What will truly determine NVIDIA's future market cap is:

  • Whether Blackwell can sustain its ramp;
  • Whether the Rubin cycle can successfully take over;
  • Whether global cloud providers continue to maintain AI capex;
  • Whether AI agents and enterprise AI applications generate real compute demand;
  • Whether NVIDIA can defend its software-hardware ecosystem moat.

H200 entering China is a marginal positive. Blackwell and Rubin ramping globally is the core thesis.

So if the H200 approval leads you to believe NVIDIA is about to unlock some enormous new opportunity overnight, I think that's getting carried away.

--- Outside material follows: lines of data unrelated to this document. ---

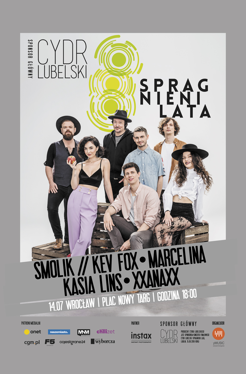 Duet Smolik//Kev Fox, Marcelina, Kasia Lins i gościnnie Xxanaxx zagrają podczas trasy koncertowej Cydr Lubelski Spragnieni Lata we Wrocławiu.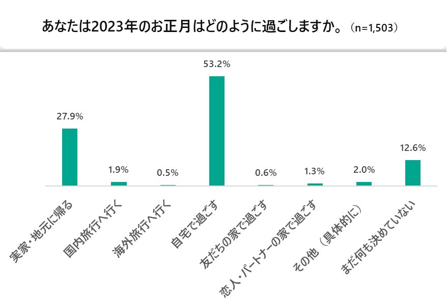 ●2023年のお正月はどうする?「自宅で過ごす」人は5割 「実家・地元に帰る」人は3割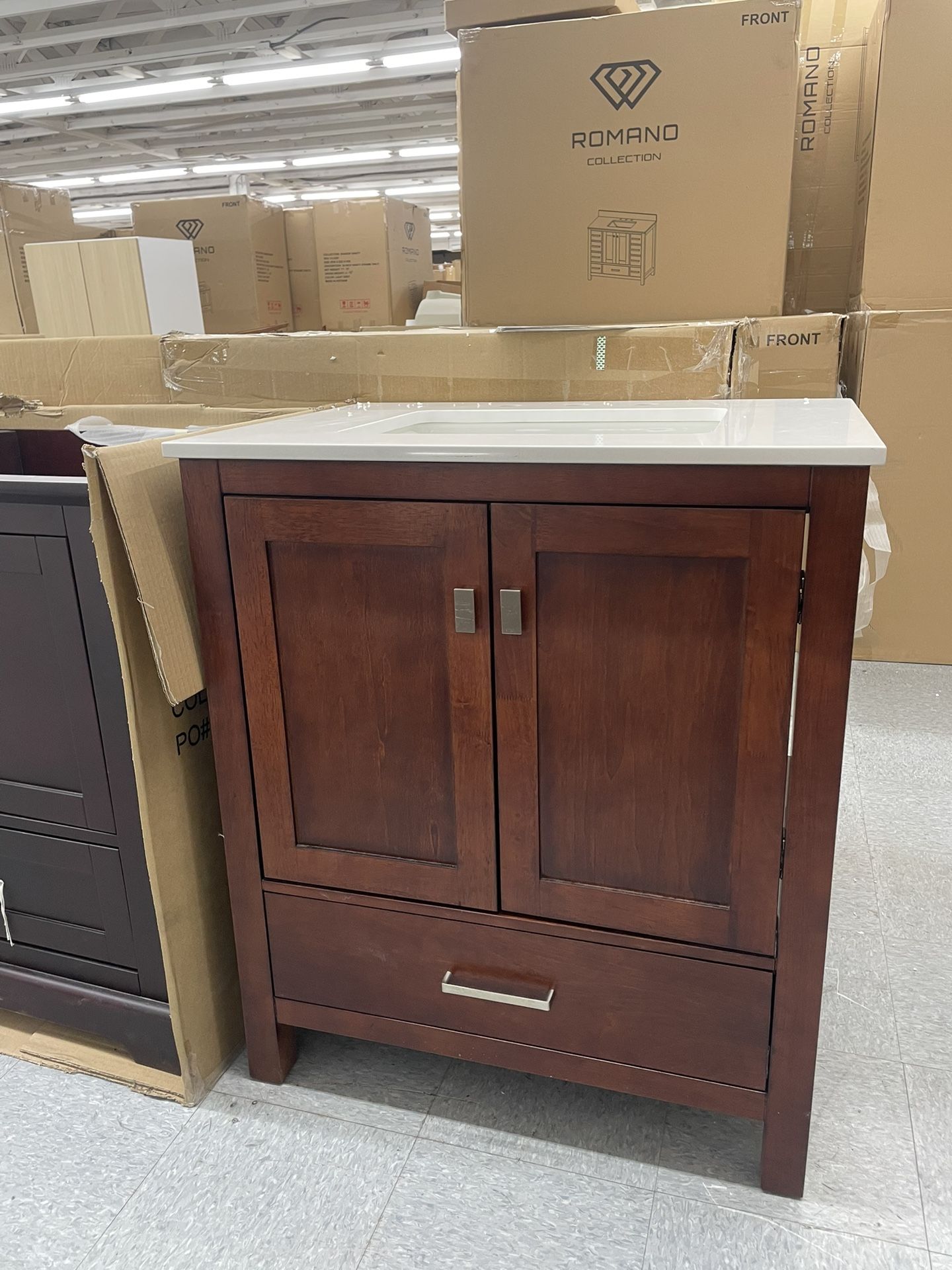 Bathroom Vanity Cabinet 30” Solid Birch Quartz Top With Sink And Backsplash

But if your takeaway is that this proves global demand for NVIDIA is so strong that most parties simply can't afford to cut NVIDIA out — I agree with that.

6. What Should Investors Do?

My conclusion: if you're already holding, keep holding; if you're not, don't chase the rally blindly because of this news.

For existing holders, this is a bonus on top of a solid position. It signals that NVIDIA's core thesis remains intact and that the previously suppressed China business is showing marginal improvement. It strengthens conviction.

For those without a position, one headline is not a reason to chase a surge. NVIDIA is genuinely excellent as a long-term holding, but after a sustained short-term run-up, volatility and pullbacks are part of the deal.

The truly comfortable entry point is usually not when positive news is everywhere — it's when the market has unfairly punished the stock over short-term concerns.